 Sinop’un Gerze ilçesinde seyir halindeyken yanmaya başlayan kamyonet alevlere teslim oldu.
--------
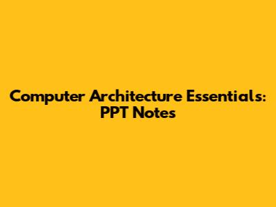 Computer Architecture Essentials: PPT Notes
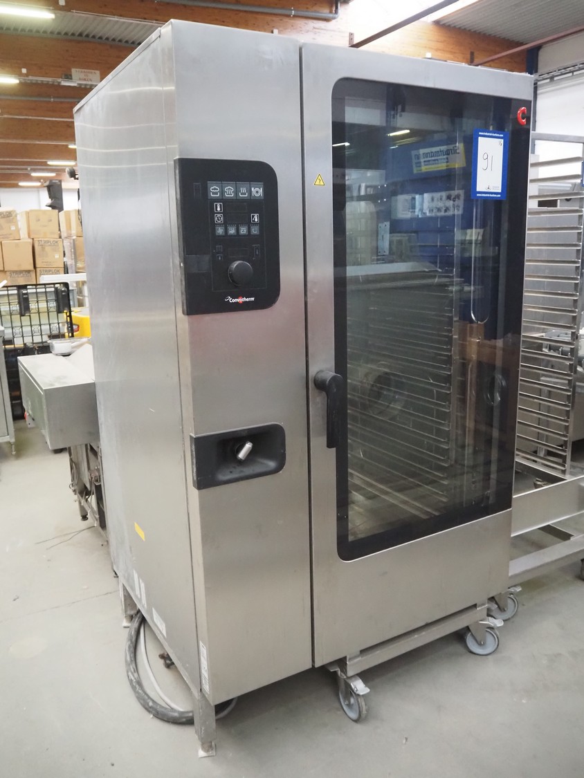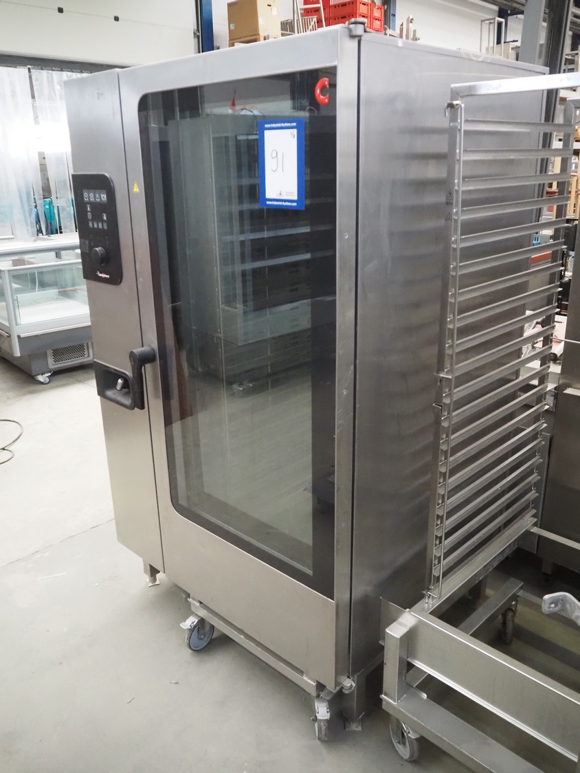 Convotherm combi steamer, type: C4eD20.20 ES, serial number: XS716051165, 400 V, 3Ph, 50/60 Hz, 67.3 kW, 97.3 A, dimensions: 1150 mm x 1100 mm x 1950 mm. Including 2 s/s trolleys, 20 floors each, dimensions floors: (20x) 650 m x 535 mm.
--------
**Exercise**
What are the lines in the records above, word for word, from the one containing "Computer Architecture Essentials: PPT Notes" through the one containing "Convotherm combi steamer, type: C4eD20.20", both ends included and pictures left out?

**Result of this exercise**
 Computer Architecture Essentials: PPT Notes
 Convotherm combi steamer, type: C4eD20.20 ES, serial number: XS716051165, 400 V, 3Ph, 50/60 Hz, 67.3 kW, 97.3 A, dimensions: 1150 mm x 1100 mm x 1950 mm. Including 2 s/s trolleys, 20 floors each, dimensions floors: (20x) 650 m x 535 mm.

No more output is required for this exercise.